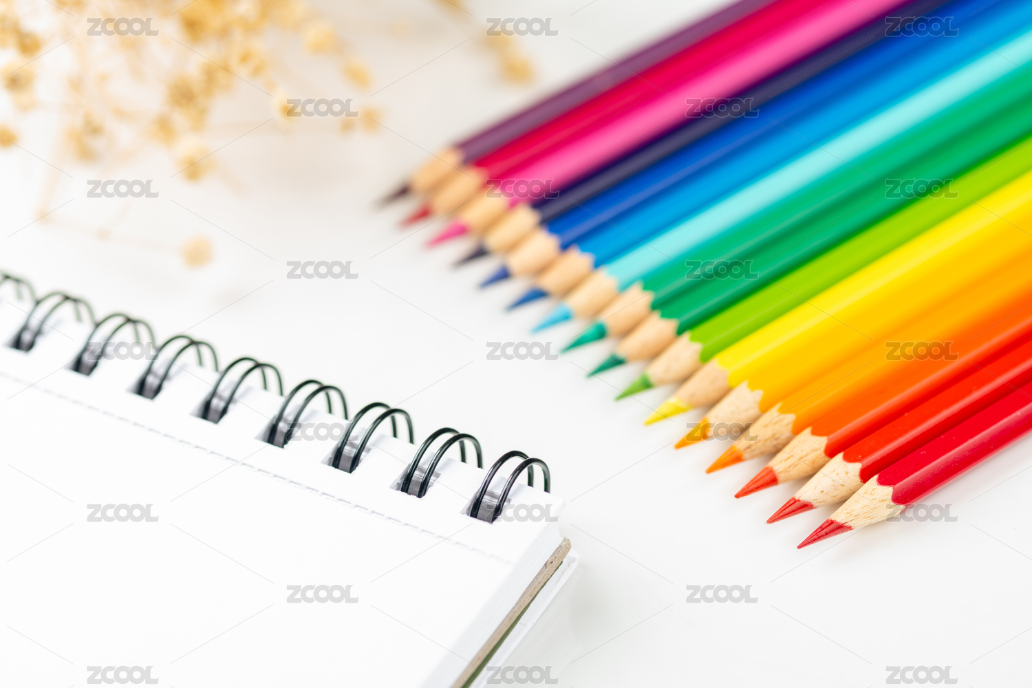 拍成上升曲线的彩色铅笔和白色的纸张背景
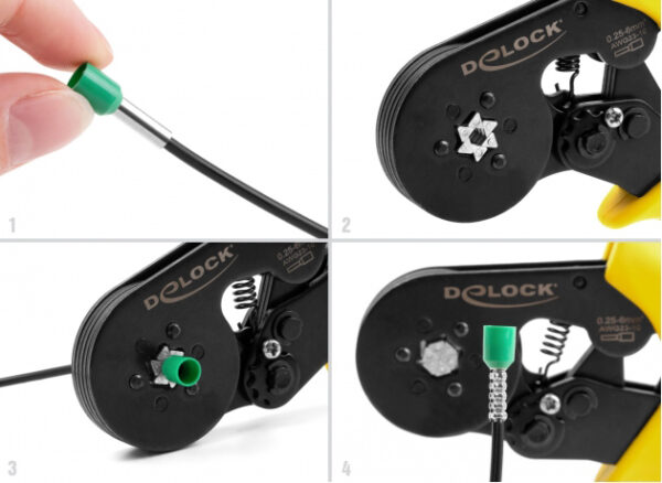 DELOCK πρέσα ακροδεκτών 90561, αυτορυθμιζόμενη, εξάγωνο, 10-23 AWG
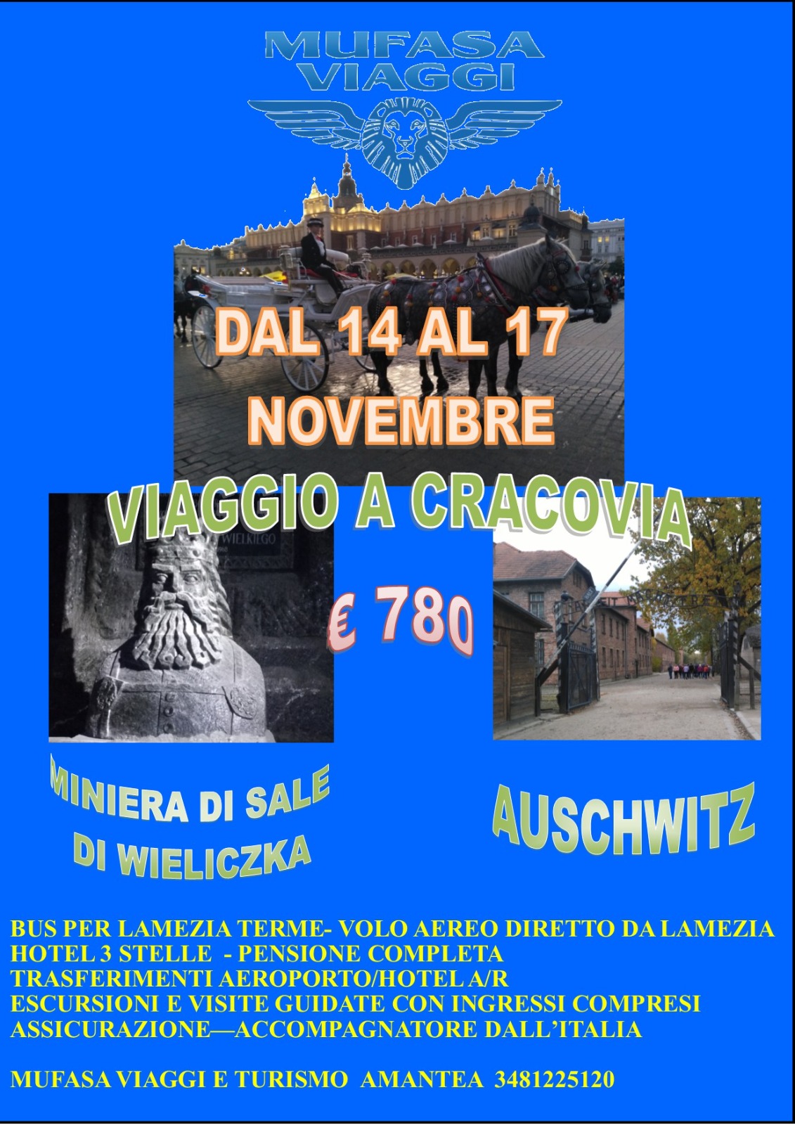 Prezzo per persona in camera doppia € 780,00 Prezzo per persona in camera singola € 840,00 Comprende: Bus fino all’aeroporto di Lamezia Terme Andata e Ritorno Volo Aereo diretto da Lamezia per Cracovia Andata e Ritorno con bagaglio a mano di 10 kg e borsa personale(zainetto). Accompagnatore d’agenzia. Pensione completa (i pasti consistono in 1 piatto, 2 piatto, dessert, pane e acqua) secondo il programma: dalla cena del primo giorno al pranzo dell’ultimo giorno. Servizio del pullman per il trasferimento dall’aeroporto di Cracovia all’hotel e viceversa. Escursione alla Miniera di Sale e ad Auscwitz. Visite guidate in italiano con guide locali: visita di Cracovia centro storico, visita del museo Auschwitz-Birkenau con la guida locale; le cuffie obbligatorie incluse nel prezzo; visita della miniera di sale a Wieliczka con la guida locale, con le entrate; assicurazione medica e di viaggio; Il prezzo non include: mance e spese personali; facchinaggio; tutto non citato nella voce Comprende. DOCUMENTO: CARTA D’IDENTITA’ ELETTRONICA O PASSAPORTO VALIDI. ACCONTO ALLA PRENOTAZIONE € 400,00 - SALDO ENTRO IL 30 OTTOBRE.

EXERCISE OBJECTIVE –
Leaving out the pictures, reproduce the whole listing above exactly.

RESPONSE AREA –
 拍成上升曲线的彩色铅笔和白色的纸张背景
 DELOCK πρέσα ακροδεκτών 90561, αυτορυθμιζόμενη, εξάγωνο, 10-23 AWG
 Prezzo per persona in camera doppia € 780,00 Prezzo per persona in camera singola € 840,00 Comprende: Bus fino all’aeroporto di Lamezia Terme Andata e Ritorno Volo Aereo diretto da Lamezia per Cracovia Andata e Ritorno con bagaglio a mano di 10 kg e borsa personale(zainetto). Accompagnatore d’agenzia. Pensione completa (i pasti consistono in 1 piatto, 2 piatto, dessert, pane e acqua) secondo il programma: dalla cena del primo giorno al pranzo dell’ultimo giorno. Servizio del pullman per il trasferimento dall’aeroporto di Cracovia all’hotel e viceversa. Escursione alla Miniera di Sale e ad Auscwitz. Visite guidate in italiano con guide locali: visita di Cracovia centro storico, visita del museo Auschwitz-Birkenau con la guida locale; le cuffie obbligatorie incluse nel prezzo; visita della miniera di sale a Wieliczka con la guida locale, con le entrate; assicurazione medica e di viaggio; Il prezzo non include: mance e spese personali; facchinaggio; tutto non citato nella voce Comprende. DOCUMENTO: CARTA D’IDENTITA’ ELETTRONICA O PASSAPORTO VALIDI. ACCONTO ALLA PRENOTAZIONE € 400,00 - SALDO ENTRO IL 30 OTTOBRE.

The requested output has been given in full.